§ **Source material**:
▬▬▬▬▬▬

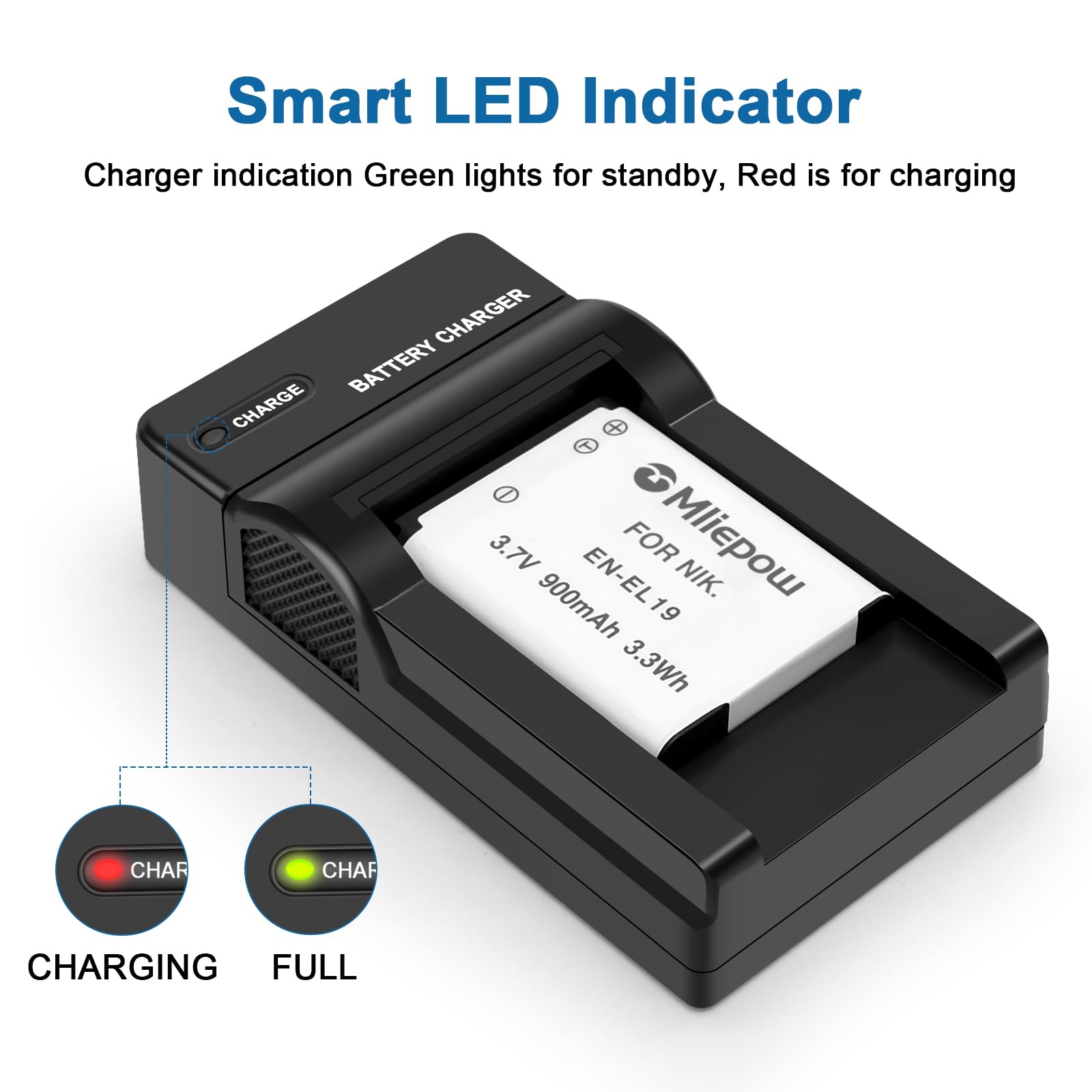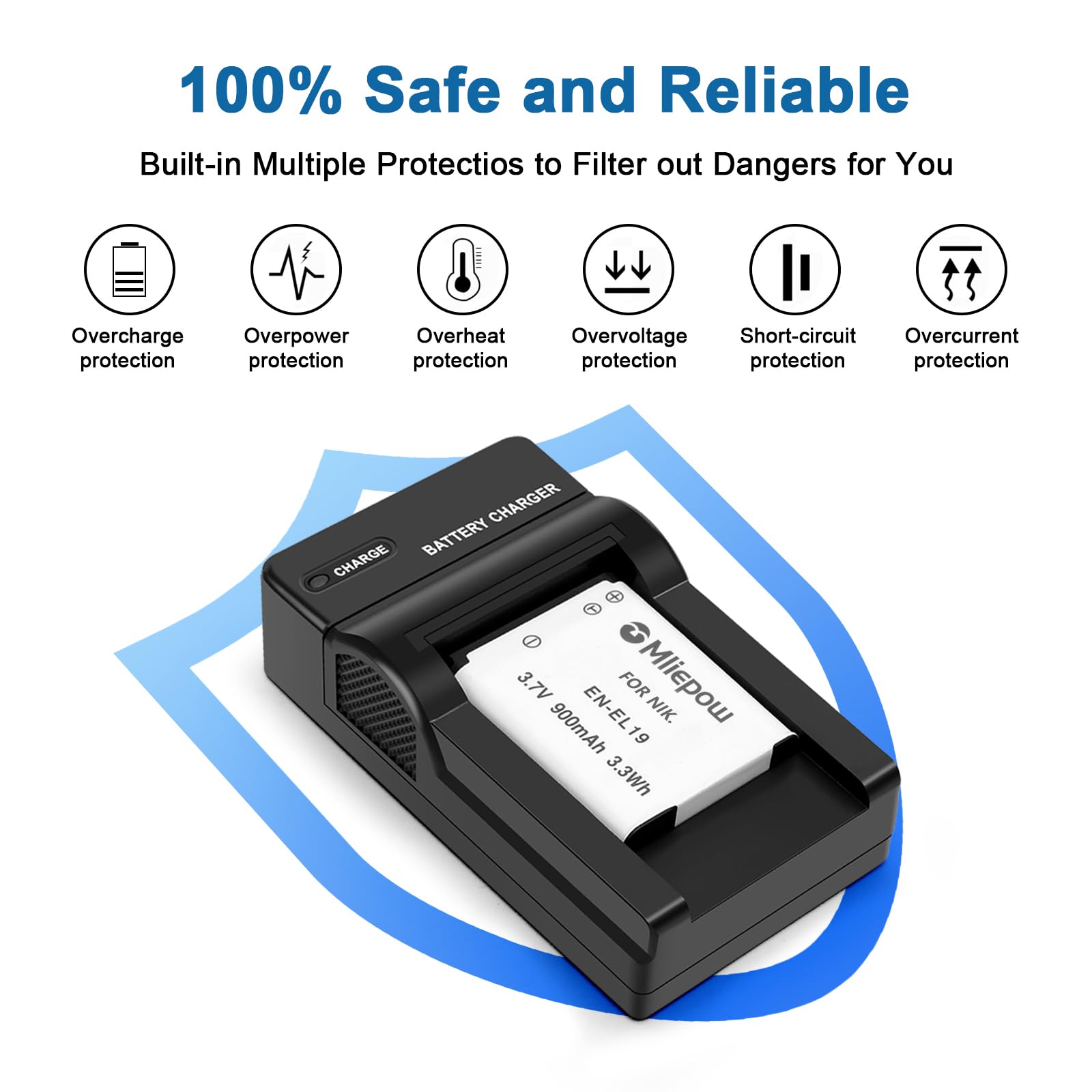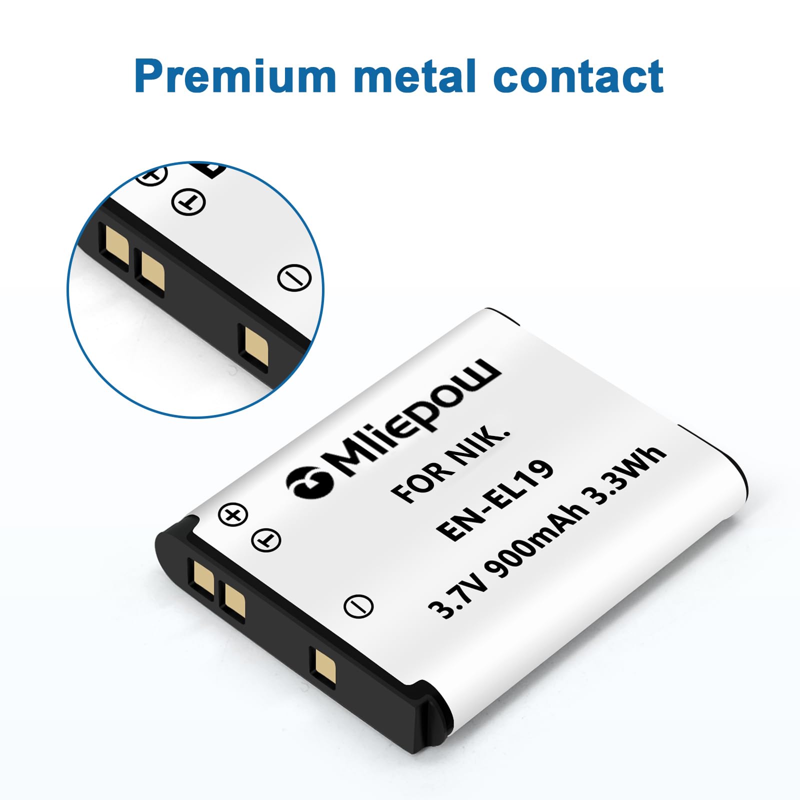 EN-EL19 Battery Specifications - Capacity: 900mAh /Voltage: 3.7 volts, Battery Type: Lithium-ion. CE Safety Certification. No Memory Effect , More lasting.
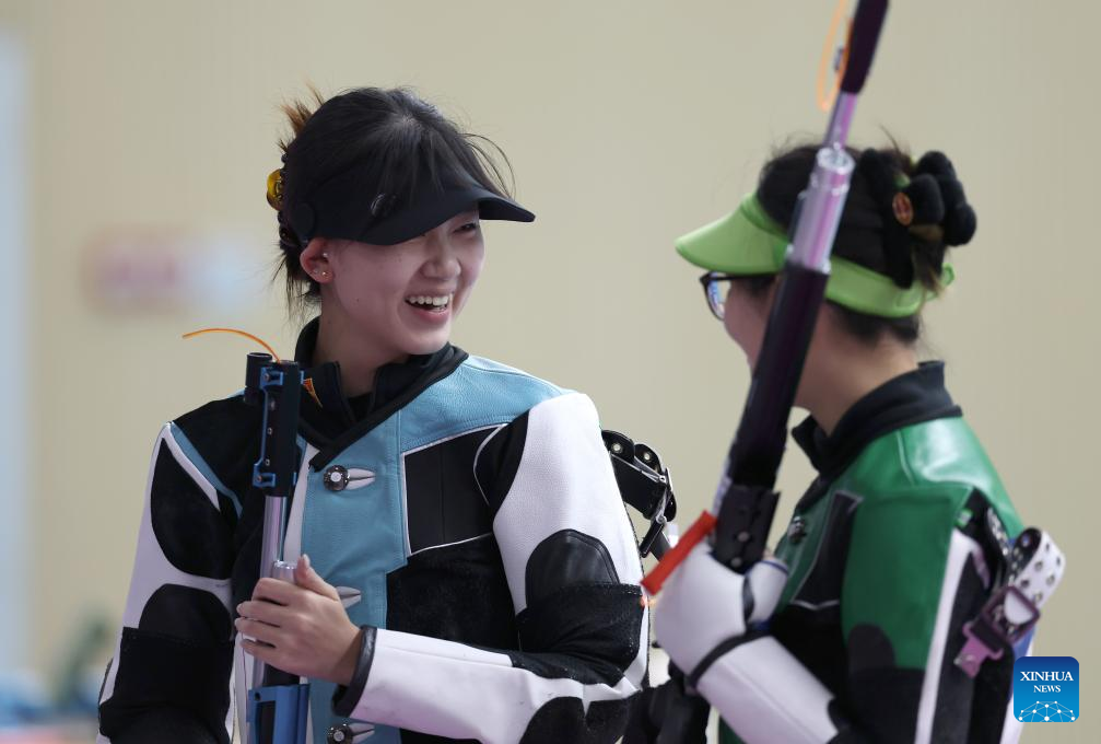 Silver medalist Yan Jinjing (L) of Jiangsu talks with gold medalist Han Jiayu of Zhejiang after the 10m air rifle women's final of shooting at China's 15th National Games in Guangzhou, south China's Guangdong Province, Oct. 13, 2025. (Xinhua/Lu Hanxin)
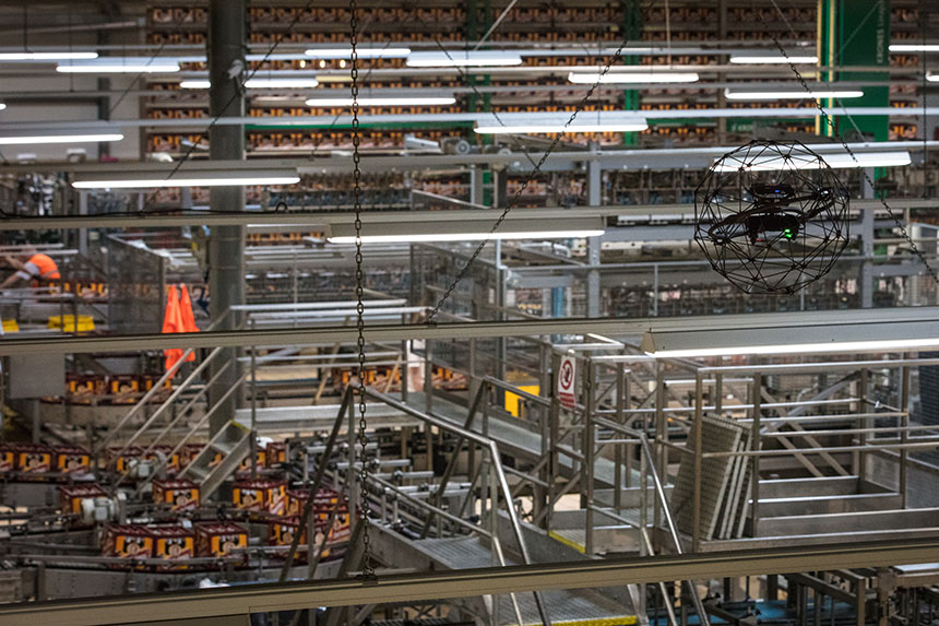 捷克啤酒公司Pilsner Urquell早前与Flyability的捷克分销商Drony SITMP合作,利用 Elios无人机检查装瓶厂的建筑结构, 2 星期内便完成检查工作,也无需为了检查暂停工厂运作。

▬▬▬▬▬▬

§ **Try it**:
Write out the material above without changing a word, and skip any picture.

§ **Answer for this exercise**:
 EN-EL19 Battery Specifications - Capacity: 900mAh /Voltage: 3.7 volts, Battery Type: Lithium-ion. CE Safety Certification. No Memory Effect , More lasting.
 Silver medalist Yan Jinjing (L) of Jiangsu talks with gold medalist Han Jiayu of Zhejiang after the 10m air rifle women's final of shooting at China's 15th National Games in Guangzhou, south China's Guangdong Province, Oct. 13, 2025. (Xinhua/Lu Hanxin)
 捷克啤酒公司Pilsner Urquell早前与Flyability的捷克分销商Drony SITMP合作,利用 Elios无人机检查装瓶厂的建筑结构, 2 星期内便完成检查工作,也无需为了检查暂停工厂运作。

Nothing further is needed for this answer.